Nichtsdestotrotz, und so schließt Johannes Willms: „Die Erinnerung an sein Regime leistet bis heute einen enormen Beitrag zur nationalen Selbstvergewisserung Frankreichs.“ Wo man mindestens in der politischen Elite und nicht zuletzt wegen des Sonnenkönigs ohne Anflüge von Selbstzweifeln eine Attitüde pflegt, die der eigentlich nur im Ausland gebräuchlichen Attribuierung als La Grande Nation nie widersprechen würde. Obwohl dazu mindestens seit Louis XIV. Anlass ohne Unterlass bestände …

Alles in allem – ein höchst lesenswertes Buch.

Cum grano salis – dass der Verlag sich entschieden hat, die zahlreichen Abbildungen ausschließlich in weitgehend gräulichem Schwarz-Weiß zu präsentieren, nimmt dem Band einiges von seinem Charme. Nicht zuletzt angesichts des Preises.

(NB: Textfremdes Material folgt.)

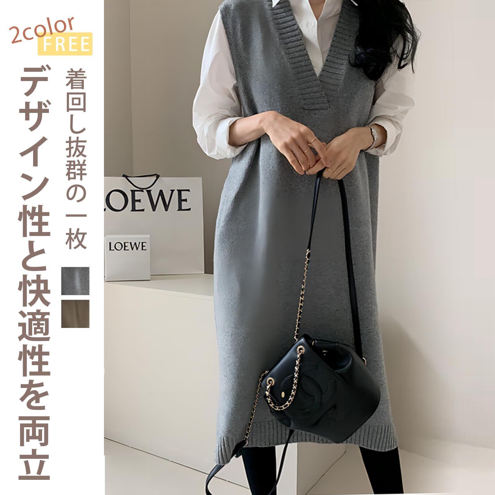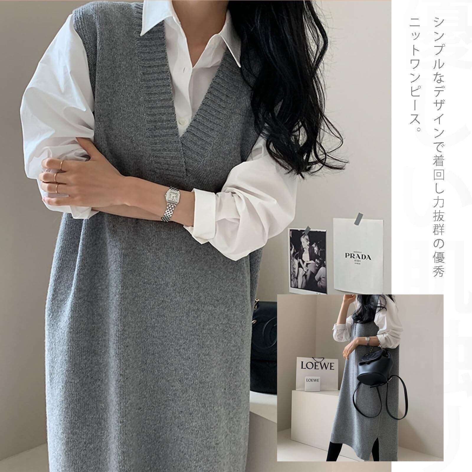 ワンピース レディース ニット Vネック ノースリーブ 可愛い かわいい お洒落 おしゃれ 無地 保温 防寒 着痩せ 体型カバー ひざ丈 カジュアル 通勤 オフィス 春 秋 冬

PS: Mit dem Sterben Louis’ XIV. – das kein plötzliches war, sondern sich über Wochen hinzog – sehr viel eingehender als Johannes Willms beschäftigt hat sich Jahrzehnte früher Karl Zuchardt. Seine brillante Novelle „1715. Ludwig von Frankreich“ findet sich in dem Sammelband „Die Stunde der Wahrheit. Abschied und Ende“, der überdies ebenso psychologisch überzeugende Erzählungen zum Ableben Heinrichs VIII. (England), Philipps II. (Spanien) und Friedrichs des Großen (Preußen) enthält. Das Buch war in der DDR ein Bestseller mit zehn Auflagen allein beim Mitteldeutschen Verlag in Halle an der Saale. Und keiner einzigen Auflage mehr nach 1990. Doch antiquarisch zu haben ist es nach wie vor.

Johannes Willms: Louis XIV. Der Sonnenkönig und seine Zeit, C.H. Beck, München 2023, 532 Seiten, 36,00 Euro.